Other sites will give you all the political trivia, such as the inaugeration and the war on terror and how many billions the president will want to spend on any given day. But you should check here periodically for the really important Obama Watch stuff. On the negative side today, the president intends to commit an atrocity, and if he truly wants to connect with ordinary Americans, he should reconsider:
Obama's stated ambition to replace the White House bowling alley with a basketball court puts an official stamp on a long-term cultural shift. Football, the ascendant national pastime since at least the late 1950s, has been eclipsed by basketball. And the tedious tradition of White House athleticism has turned a new corner.
[. . .]
The president's dismantling of the Nixon-installed bowling alley may resemble sour grapes from a scrub who famously rolled a 37 at Altoona's Pleasant Valley lanes before the 2008 Pennsylvania primary. It is more than that. John F. Kennedy's inspiration in the 1960 election was to see through the truism that baseball was still the national pastime.

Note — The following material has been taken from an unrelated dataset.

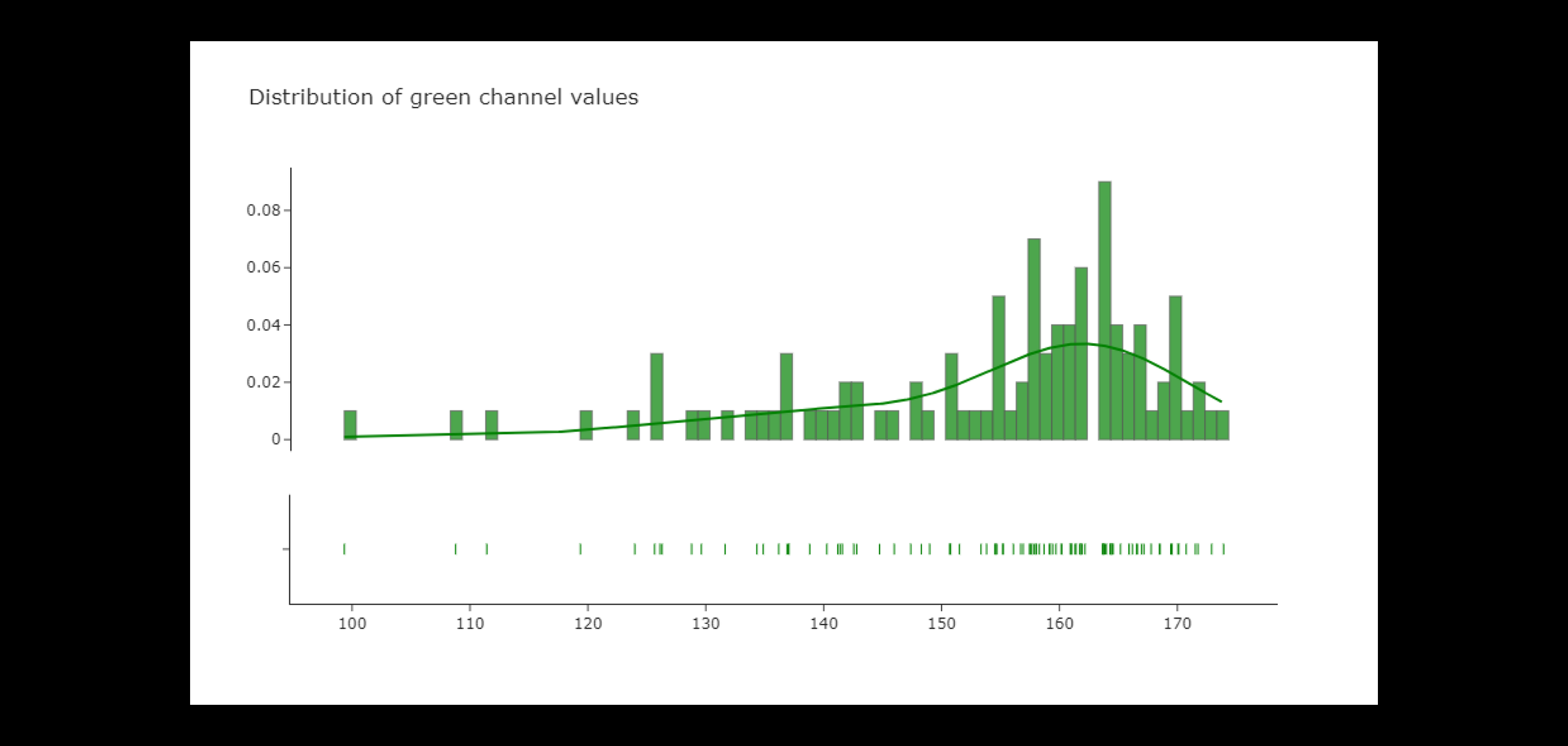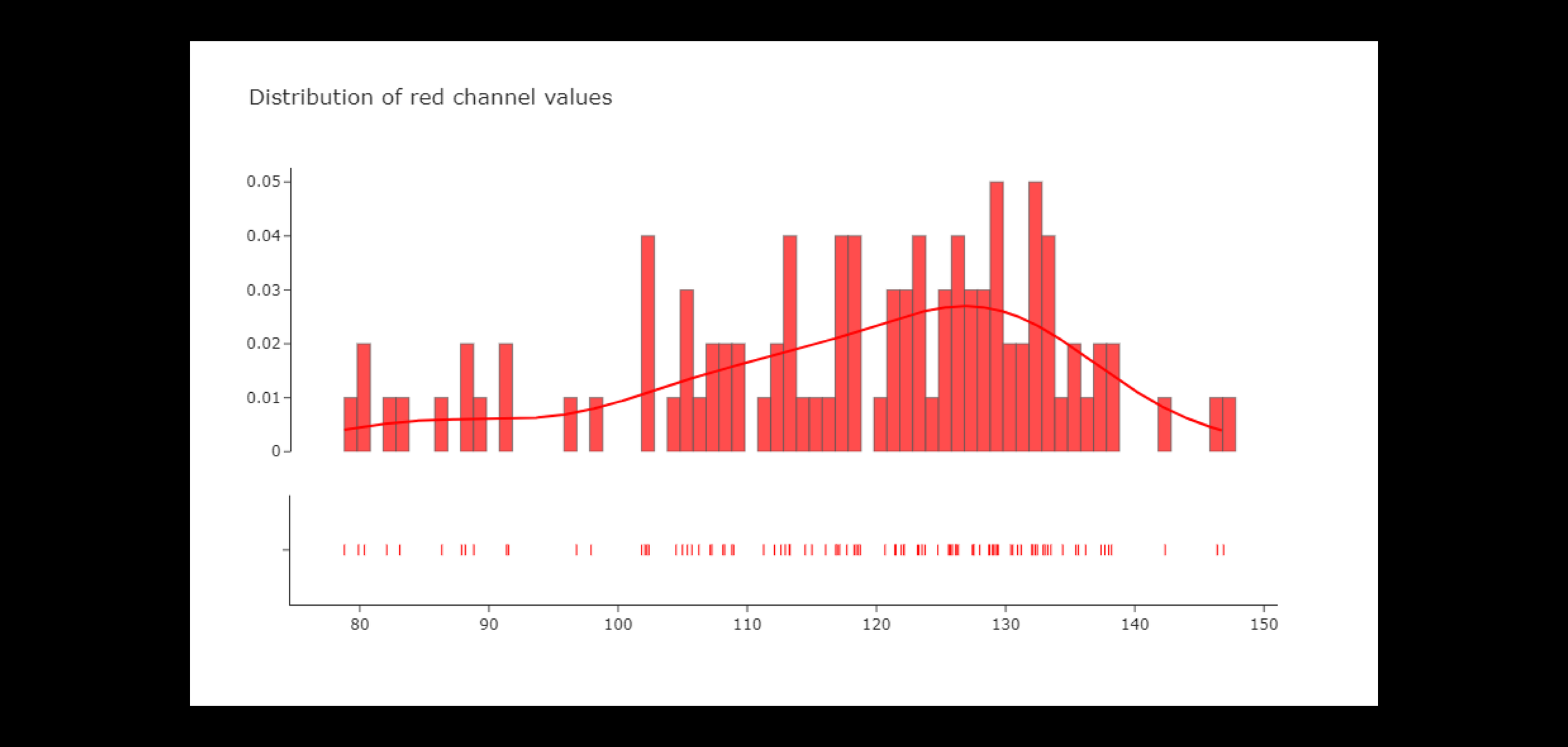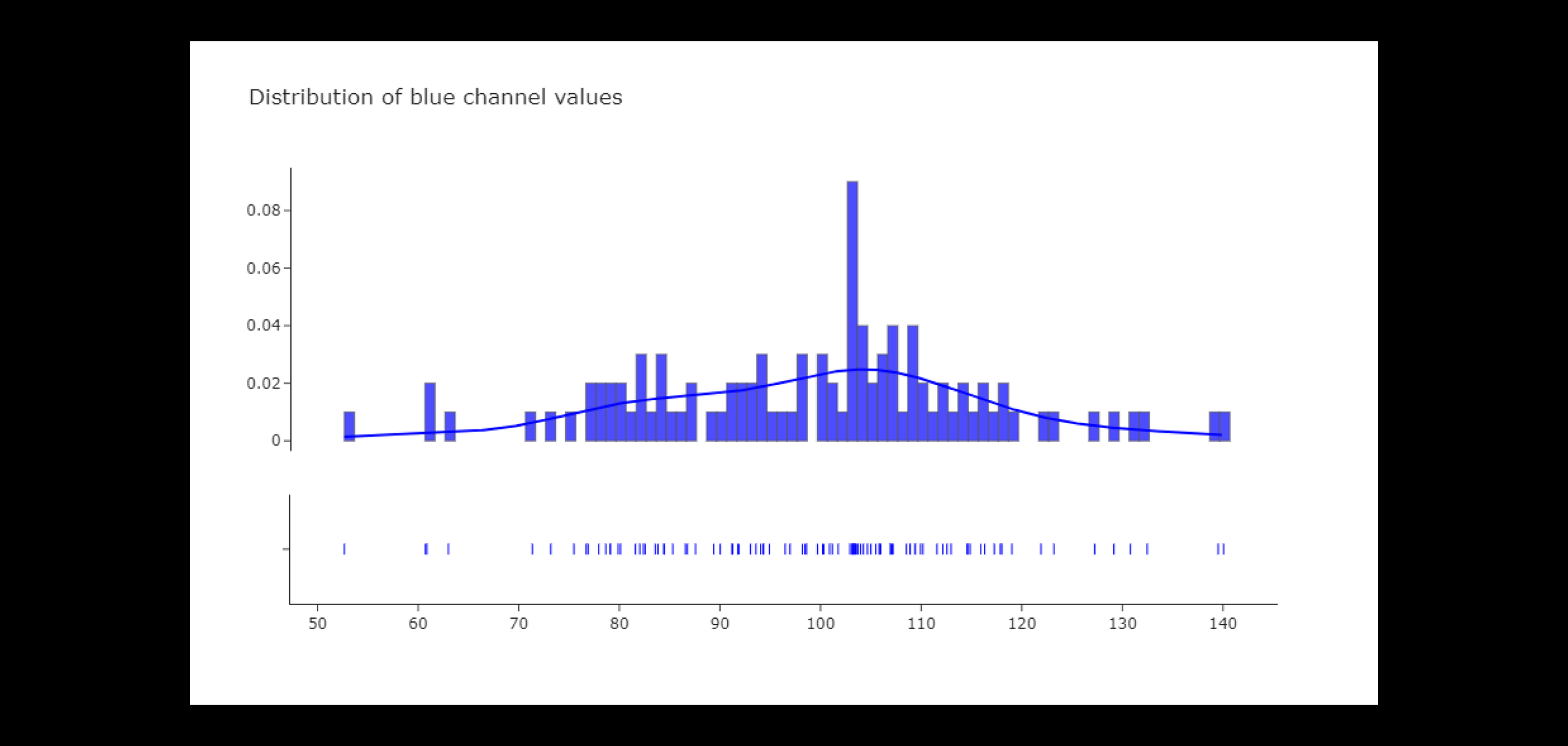 The red channel values seem to roughly normal distribution, but with a slight negative skew. This indicates that the red channel tends to be more concentrated at higher values, at around 100. There is large variation in average red values across images.

I take no position as to the merits of basketball or football or baseball as the national pastime. Fads come and go, and all such sports involve spoiled athletes paid enormous sums of money to perform for fat, couch-potato wannabes. But bowling is a participatory sport open to Americans of varying skill and commitment. Exactly what is Obama trying to symbolize by removing the bowling lane? If Red State and Blue State can come together, as the president seems to believe, and if white and black can move to a post-racial America, cannot bowling and basketball coexist? Put the damn court someplace else and leave the lane alone, or else don't even think about inviting me to the White House, mister.
On the other hand, the man does seem to enjoy a good chili dog, and he certainly knows how to eat one. You don't get prissy and have your napkin ever ready to wipe the stains from your face. You just light into it, etiquette be damned. I don't know if he plans to have such fare on the regular First Family menu (with two young daughers, there at least ought to be a lot of pizza), but if he does, you know where such food is good? At the bowling alley!
Now, one I'm neutral on. One of the Obamaphobes over at The Corner, noting that Obama is forever going on about the "the enormity" of the problems we face and "the enormity" of the task he's undertaking, says, "I wish the president-elect would learn the meaning of the word 'enormity.' " It is true that in recent linguistic history (not always, but recently), "enormity" has carried a negative moral judgment, as in "the enormity of Hitler's evil"; it hasn't been merely another word for gigantic or enormous. But it's been used that way so often that dictionaries have taken note of it -- it's the No. 3 meaning now at Random House. Words change. Get over it.